De la familia, la abuela se las arregló mejor que nadie, aferrándose a un agua de Vichy que bebió en su juventud. "Gruesa en la boca, tomaba forma y sabía a montaña", recordaba, postrada en el chaise longue, agitando de vez en cuando su abanico de nácar con la resignación de quien ha resistido una Revolución. ƑNo hasta la habían escondido junto con sus hermanas en un sótano de Coyoacán cuando entraron Zapata y sus tropas a la capital, no se las fueran a robar?

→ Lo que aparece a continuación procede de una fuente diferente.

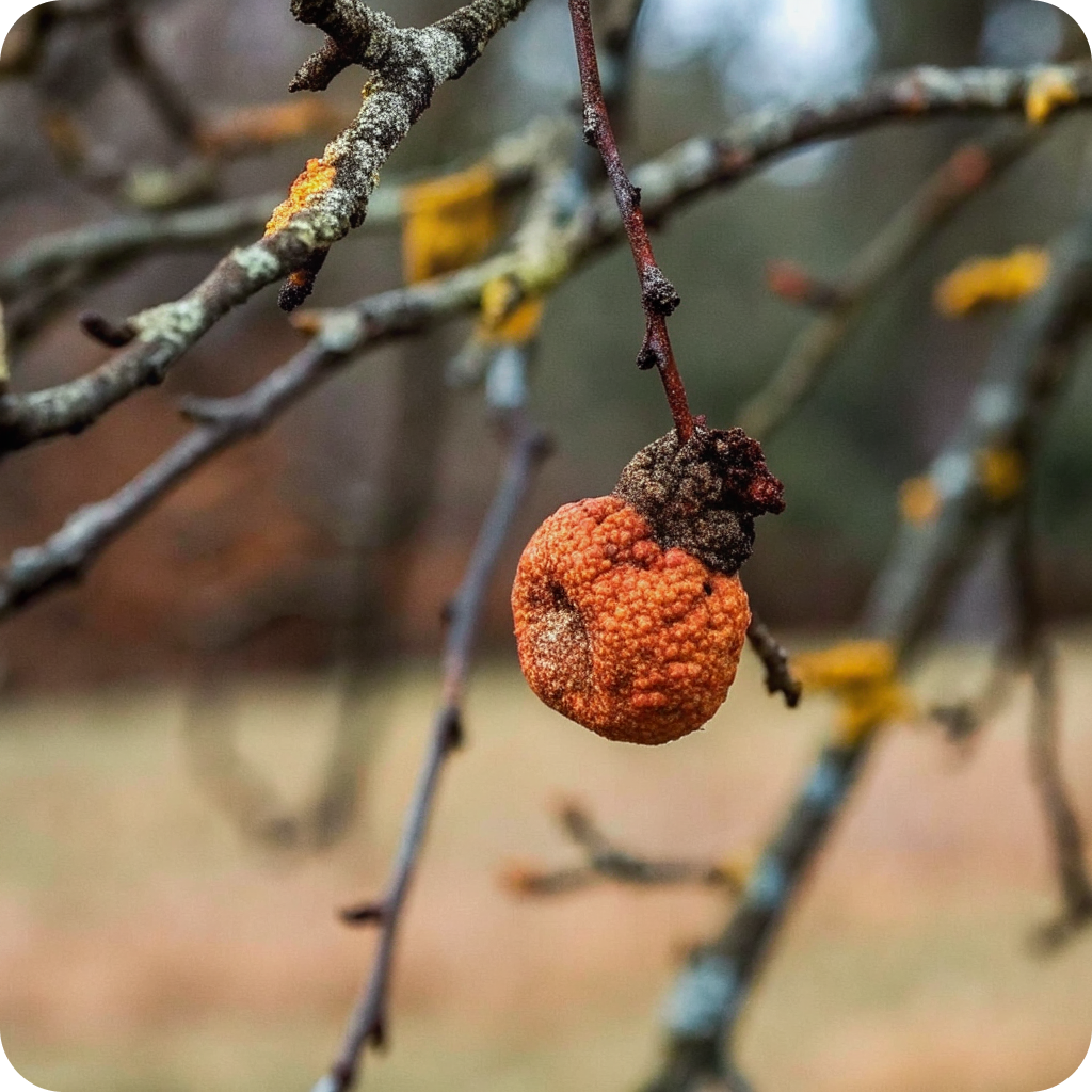 Особенно опасны плоды, которые «мумифицировались» прямо на ветках. Это признак грибковой инфекции самого дерева, и пока такие плоды висят на дереве, лечить его бесполезно. После зимовки на дереве образуются споры, которые способны заразить новые плоды.

Su fastidio fingido quería decirnos: "sé sobrevivir, una simple falta de agua no me espanta". Tomé su partido mediante la contemplación lacónica de las sombras contra el tinaco, que me mostró una linterna mágica como la que años después me develaría los secretos de Praga en el Teatro Orientación.

Gracias a mi postura en la azotea, fui el primero en escuchar, al cabo de incontables días, el retorno del suministro. Primero tímido, eyaculante; luego decidido, torrencial y firme. Corrí abajo sin acordarme de beber. Con tan malas noticias que recorren el mundo a diario, experimenté el placer supremo de llevar una buena nueva.

El baño a manguerazos en el jardín fue bien bonito. Hasta Arcángela se animó, quizás aprovechando la ausencia de Eustorgio. De otra forma no hubiera permitido untársele al vestido, por lo regular guango. Descubrí que tenía más chichi de la que parecía, y mi infancia entró en un declive prometedor.